PS. Up until this Tuesday I have been limited to freshwater fishing and got spoiled with a stella 2500FE and megabass IS73 as far as weight goes.. But due to relocation I'm going to be active salt fishing... But I want to take it slow as far as spending that kind of money on it. Wrightsville beach here I come!


----------



## Sandbar (Oct 16, 2013)

xdss said:


> also Braid vs Mono? for repeated casting into the wind.. of course I am tieing a 25-30 lb mono leader on the gotcha's...


Braid will have an easier time casting in windy conditions and less line memory, but mono will have higher abrasion resistance in case you have a fish run around the pilings. That being said, I'd personally go with braid because it casts easier and has less stretch than mono.

On a side note, I have a Spinfisher 5500 and it's a great reel with 30lb braid. You should be quite happy with the 4500.


----------



## kurazy kracka (Oct 14, 2008)

i have a 3500 and a 4500. LOVE the 3500 but haven't hooked up with anything over about 7lbs yet. the 4500 is beauttiful too and with the live line feautre makes it a great surf bait rod.

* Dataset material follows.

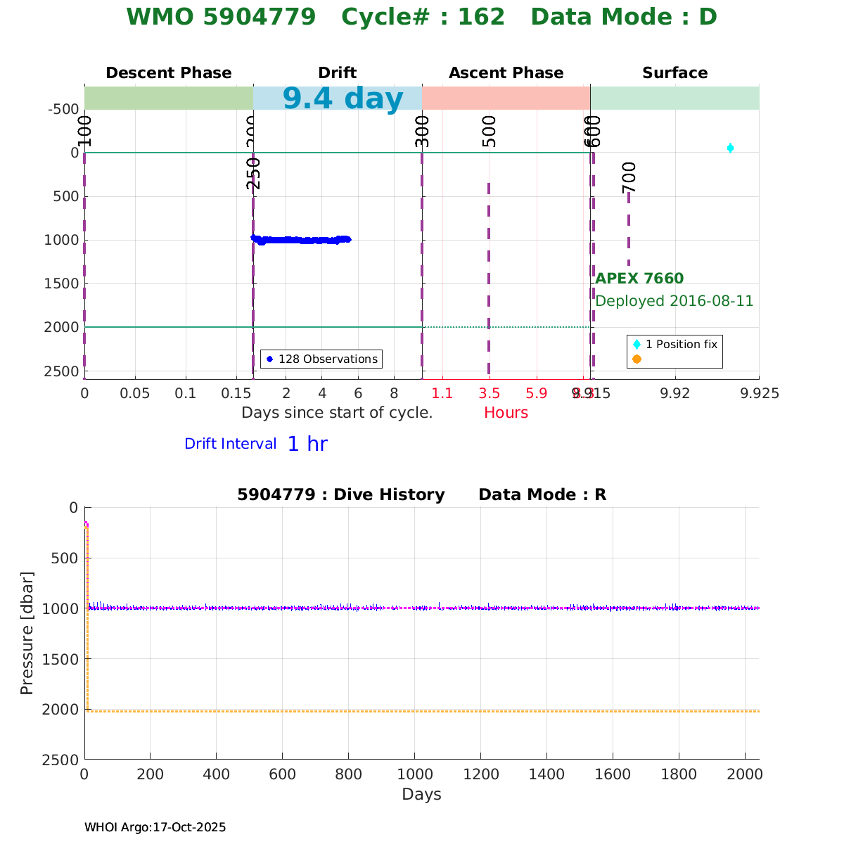 | WMO: #5904779 DAC: aoml PI: STEPHEN RISER APEX: #7660 SBE41CP: #7825 DRUCK_2900PSIA: #10174016 Altimeter Comparison (IFREMER) EuroArgo Link | ![]() |
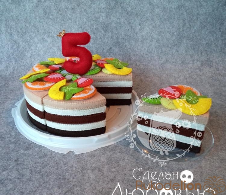 Таким образом, собираем весь кусок торта, 3 "коржа" и 2 "крема". Склеенные заготовки обшиваем "через край" обычной швейной нитью в два сложения, при этом сильно не стягиваем, чтобы края не деформировались.

one is a on a 8' tica and the other is on a 8' airwave. both match the reels well and with the 4500 i can put it on my 10ft tica to bait fish the surf. the tica is a 1 piece and the action and feel is PERFECT in my opnion.


----------



## originalhooker (Nov 26, 2009)

why a reel that large? 2500 size is fine for pier & 80% of the inshore wb fishig needs. your wrist will thank you w/ extended use. 4500 is good for surf spanish/albies & bait for pups/pomps.
with a 2500 you can do 6/8lb braid backing & 80/90yrds of 15lb.


----------



## xdss (Sep 21, 2014)

originalhooker said:


> why a reel that large? 2500 size is fine for pier & 80% of the inshore wb fishig needs. your wrist will thank you w/ extended use. 4500 is good for surf spanish/albies & bait for pups/pomps.
> with a 2500 you can do 6/8lb braid backing & 80/90yrds of 15lb.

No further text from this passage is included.